# can I use mica's? Oxides?



## Deb (Oct 3, 2009)

Hi everyone. 

Quick melt and pour question - I"m a formerly only CP/HP girl so this is one of my first foray's into M&P. 

I have my base. Can I add mica's for colour? Oxide's? the liquid stuff from Michaels?

Cheers
Deb


----------



## TheSoapyEwe (Oct 3, 2009)

Yes you sure can color with oxides and micas. 
I find that if you mix them in a small amount of glycerin before adding them they will incorporate better.
I'm not sure about Michaels colors I've never used them.


----------



## KigerKat (Oct 3, 2009)

The liquid colors will most likely bleed in m&p soaps.  In my experience, micas and oxides won't bleed, but the Michael's by me doesn't carry any - I have to order them online.


----------



## twilightluver (Oct 5, 2009)

micas all the way baby!!! or if  Oxides..i just love me some MICA...


----------



## Guest (Oct 6, 2009)

I haven't tried this yet but a friend told me recently that she tried to use the craft store dyes recently and it did not turn out good.

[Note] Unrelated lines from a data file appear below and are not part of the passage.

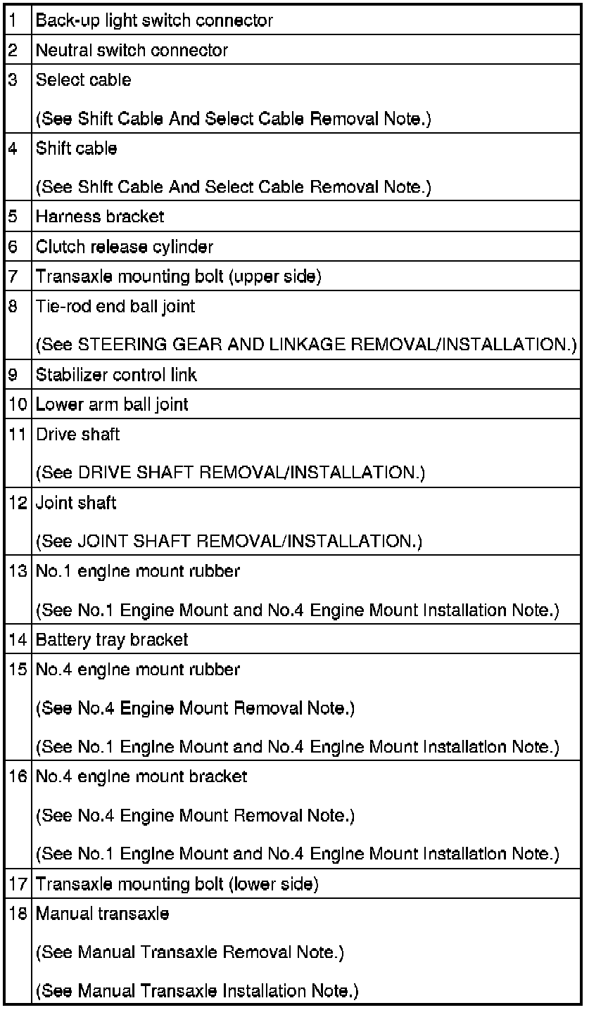 Manual Transaxle Removal Note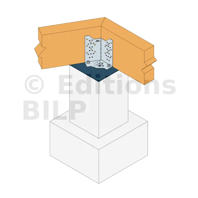 - Fixation de poutre bois (bois lamellé-collé, bois massif...) de hauteur 125 à 200 mm sur plot béton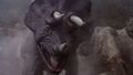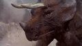 A Triceratops is seen protecting its young from an Allosaurus and wins after stabbing the Allosaurus with its horns, driving the carnivore away. Multiple Triceratopses are seen fleeing from the volcano as it erupts.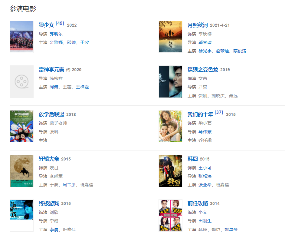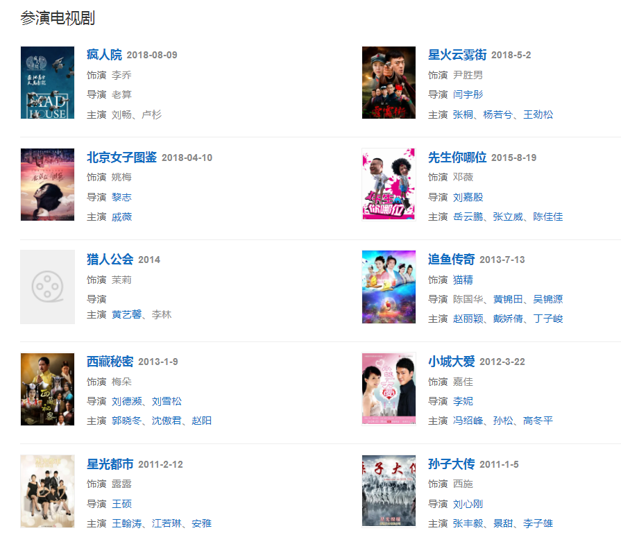 代表作品:前任攻略、我们的十年、脱轨时代、轩辕大帝、小城大爱、西藏秘密、疯人院、北京女子图鉴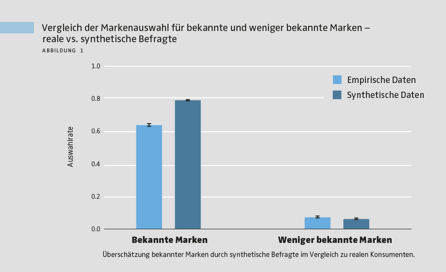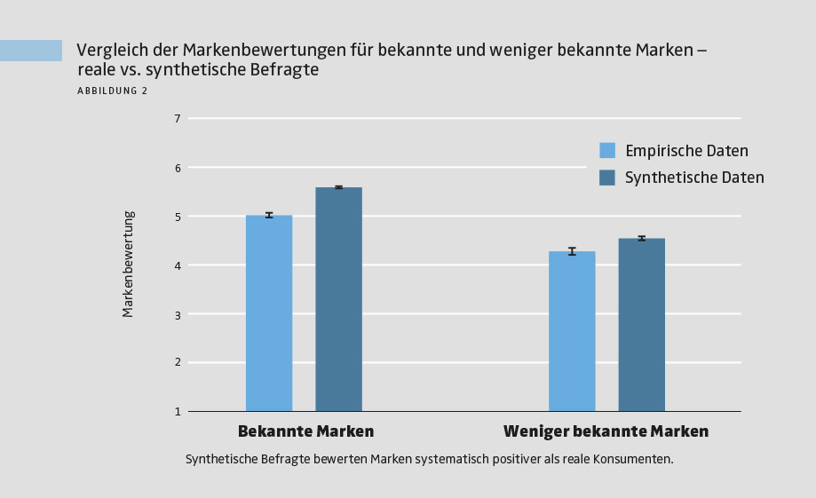 Wie erwartet wählten echte Teilnehmer im Marketing-Funnel deutlich häufiger bekannte als unbekannte Marken. Dieses Grundmuster wurde von den synthetischen Daten korrekt nachgebildet. Allerdings überschätzten die synthetischen Befragten die Auswahlwahrscheinlichkeit bekannter Marken deutlich (siehe Abbildung 1). Im Durchschnitt stimmten synthetische und reale Entscheidungen in 79 % der Fälle überein. Das zeigt: LLM-basierte Befragte erfassen die Richtung der Effekte, überschätzen aber systematisch, wie stark Konsumenten sich tatsächlich für eine Marke entscheiden. Ein ähnliches Bild ergab sich bei den Markenbewertungen. Echte Teilnehmer bewerteten bekannte Marken besser als weniger bekannte, und auch hier trafen die synthetischen Daten den Trend. Die absoluten Bewertungen fielen jedoch durchweg zu positiv aus – mit der stärksten Verzerrung zugunsten bekannter Marken. Über alle Marken hinweg wichen die synthetischen Bewertungen auf der 7-stufigen Skala im Schnitt um 1,2 Punkte von den realen Bewertungen ab.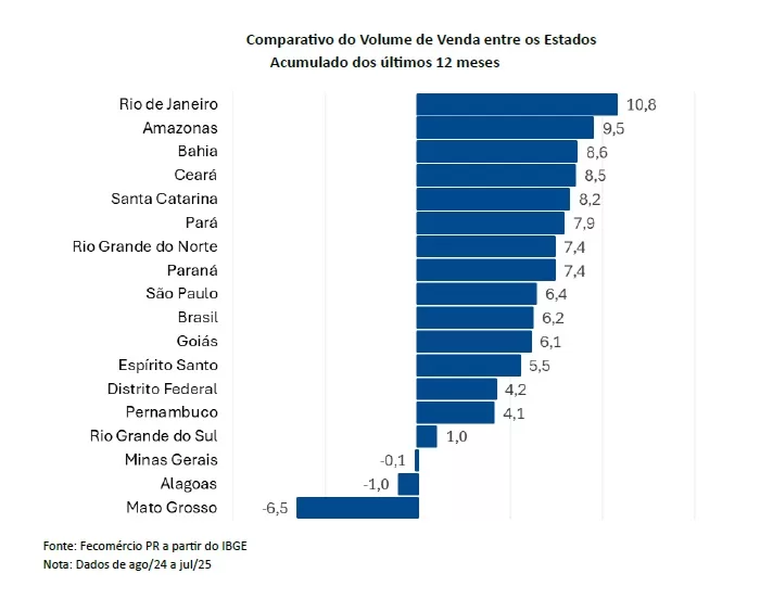No acumulado em 12 meses, o agregado especial das atividades turísticas teve expansão de 6,2% no Brasil frente igual período do ano anterior. No Paraná, o crescimento foi ainda maior, de 7,4%, o que coloca o estado na 8ª posição nacional, ao lado do Rio Grande do Norte.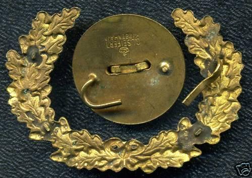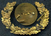 Belgium Police Cap badge. 2 piece, with dull gold coated 3/4 wreath showing slight age dulling spots, 2" x 1 3/8", with single folding wire fastener remaining. In centre a circle disk, in dull gold with green enamel domed backing and dull gold Coat of Arms attached. Single wire fastener remaining, 1" across. Shows age dulling but still nice.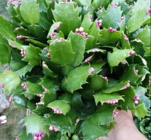 蟹爪兰的花期一般在11月份左右,在10月份左右开始分化花芽,一般到了10月份中旬开始分化花芽。看到有花苞长出来,把一些较小的叶片,不饱满的叶片轻轻掐掉。小的叶片比较薄,养分比较少,开花也不会好,还会消耗养分。掐掉小的叶片,它就会从老叶片上长出花苞。因为掐掉叶片会节省一些养分。所以花苞会长的比较肥壮,一个叶片上可以长2~3个花苞。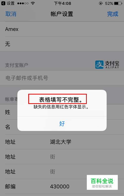 App Store绑定支付宝提示表格填写不完整解决办法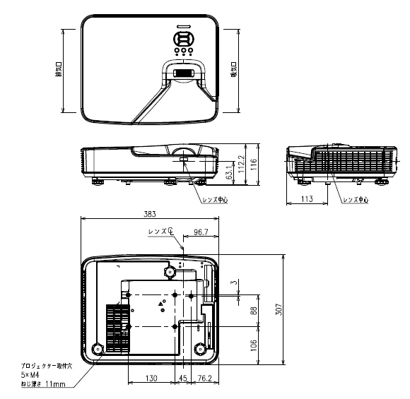 下向き投写〇- 吸排気口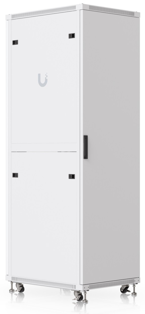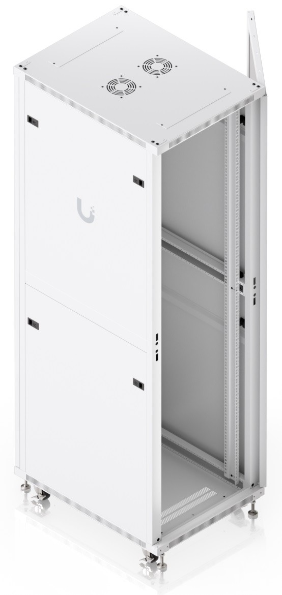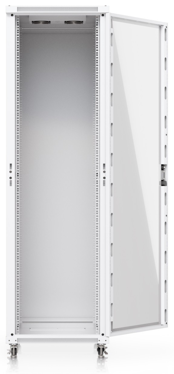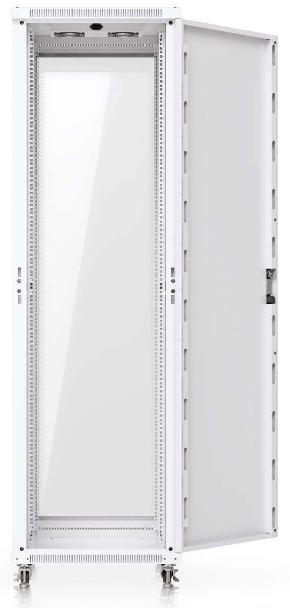 Ubiquiti UACC-Rack-42U-800-G is a 19" floor-standing rack in 42U size, delivered fully assembled and equipped with a glass front door panel, which — just like the split removable side panels — can be locked to prevent unauthorized access. The door is factory-set to a left-hand orientation with the option to reverse it. With a depth of 1000 mm, the rack allows the installation of networking devices up to 682 mm deep.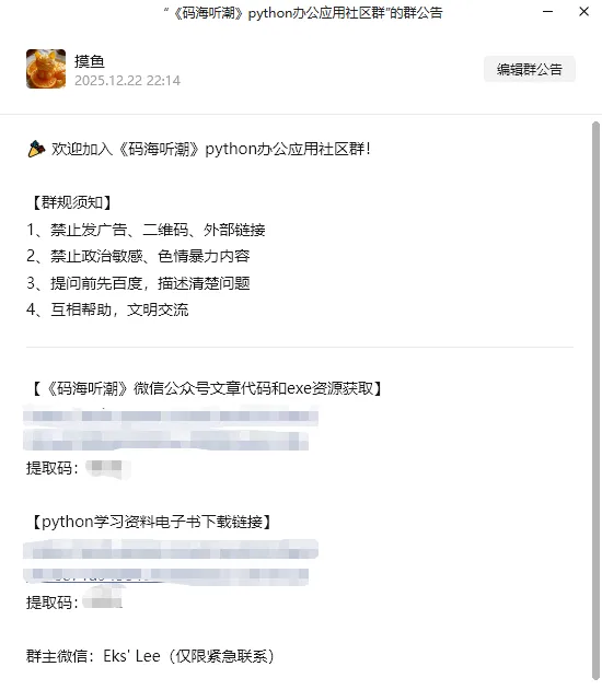 另外,《码海听潮》公众号所有文章码和exe程序已打包好上传绿联nas私有云,有需要的大佬扫一扫上面博主的个人微信二维码,需要的大佬需支付9.9元永久拥有公众号资源(写原创干货费时费力,属实不易),邀请您进入社区群获取下载链接!!,群内提供python办公自动化交流问题,解决问题,且码海听潮微信公众号文章发布会第一时间会更新到群里,非诚勿扰哈!
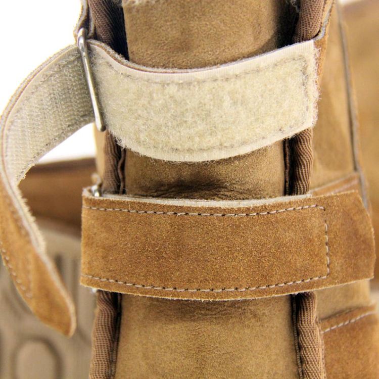 Features eco-friendly leather with a double-sided print and rounded toe construction.
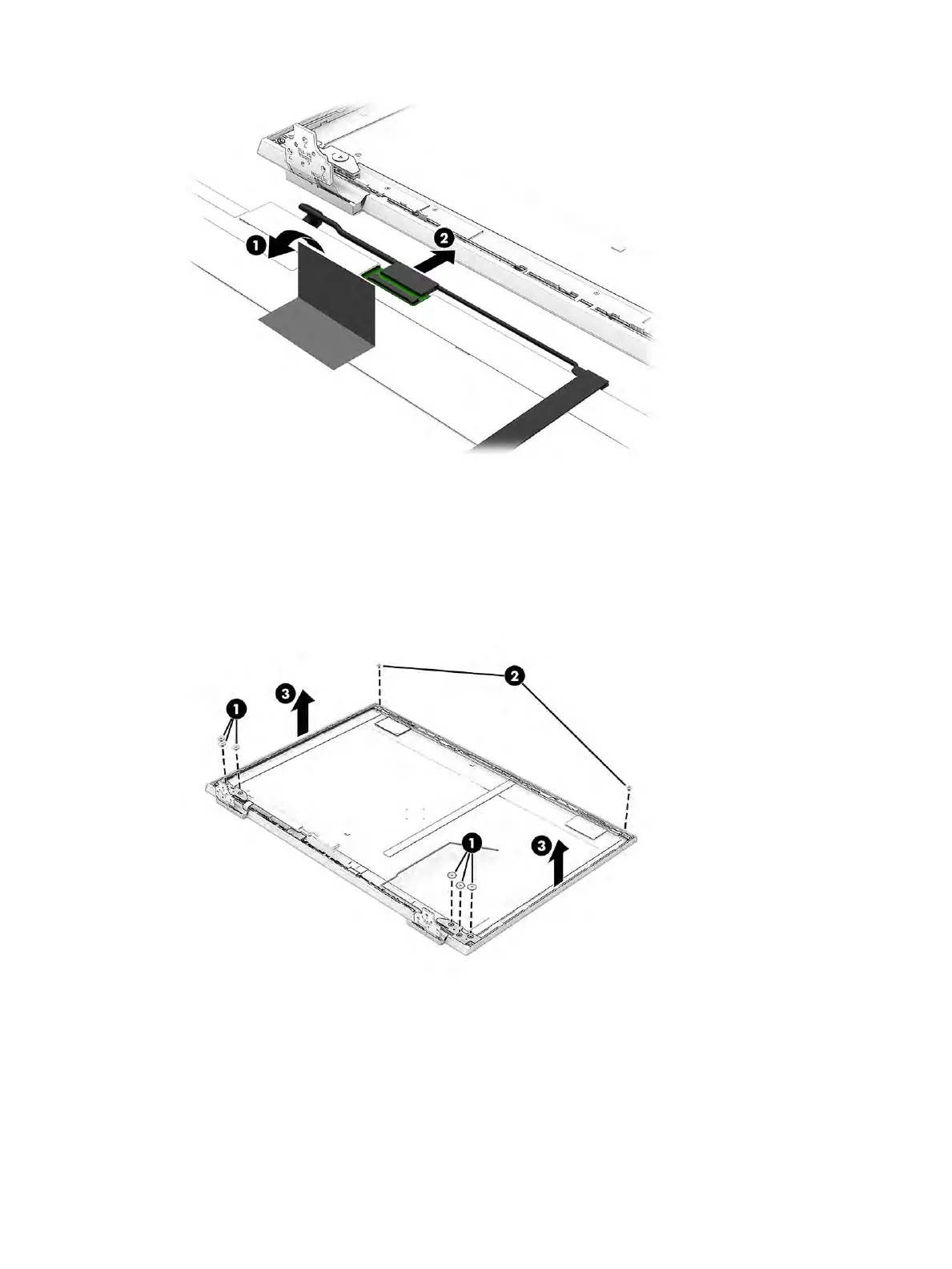 b. Remove the Phillips M2.0 × 3.0 screw (2) from the top of each hinge.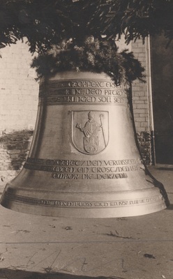 Schwarzweißfotografie. Die 1907 gerissene Medardusglocke, wurde umgegossen und kehrte aus dem Zweiten Weltkrieg nicht mehr zurück. Seit 1957 ergänzt die neue Medardusglocke das Geläut wieder auf drei Glocken. Die neue Glocke trägt folgende Inschrift: „IM KRIEG EINST GEOPFERT, ERSTAND ICH NEU. BIN ST. MEDARD GEWEIHT, DEM PATRON UNSERER STADT. MEIN KLINGEN SOLL SEIN: DEN TOTEN EIN GEBET, DEN VERMISSTEN EIN GRUSS, DEN HEIMATBERAUBTEN EIN TROST, DEN LEBENDEN MAHNUNG: - EMPOR DIE HERZEN! -"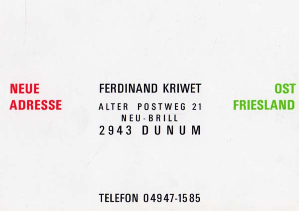 Kriwet, Ferdinand: Adressänderung. 15 x 11 cm. 1 Blatt. OKarton-Karte. Sehr gutes Exemplar. Karte mit Adressänderung Ferdinand Kriwets, verso ganzseitig mit handschriftlichen Notizen Kriwets versehen zu Seneca, Briefe an Lucilius. 10 Zeilen.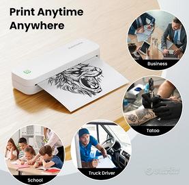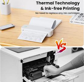 ByteCintia Stampante Portatile, D80 Stampante Termica A4 Compatibile con IPhone via Bluetooth, Windows e macOS via Cavo USB, Stampante Inkless per Viaggi, Lavoro, Casa, Stampa Solo su Carta Termica

The color ended up fading and bleeding a lot, according to her. I think she's using those powders you get from TkB trading now.


----------



## Deb (Oct 6, 2009)

thanks everyone!


----------



## ChrissyB (Oct 12, 2009)

Mica's are great for MP cos you'll get the sparkle, that gets lost in cp/hp.


----------



## llineb (Nov 5, 2009)

micas and oxides!!!  i used the craft store liquid colors when i first started.  they looked great for about a week.  then my cute purple lilac soap turned gray. :0(

i used to mix the micas with water and heat in microwave until someone on this forum mentioned mixing with a small amount of alcohol before adding to hot soap.  this works great.  Thanks guys!!!!

lara


----------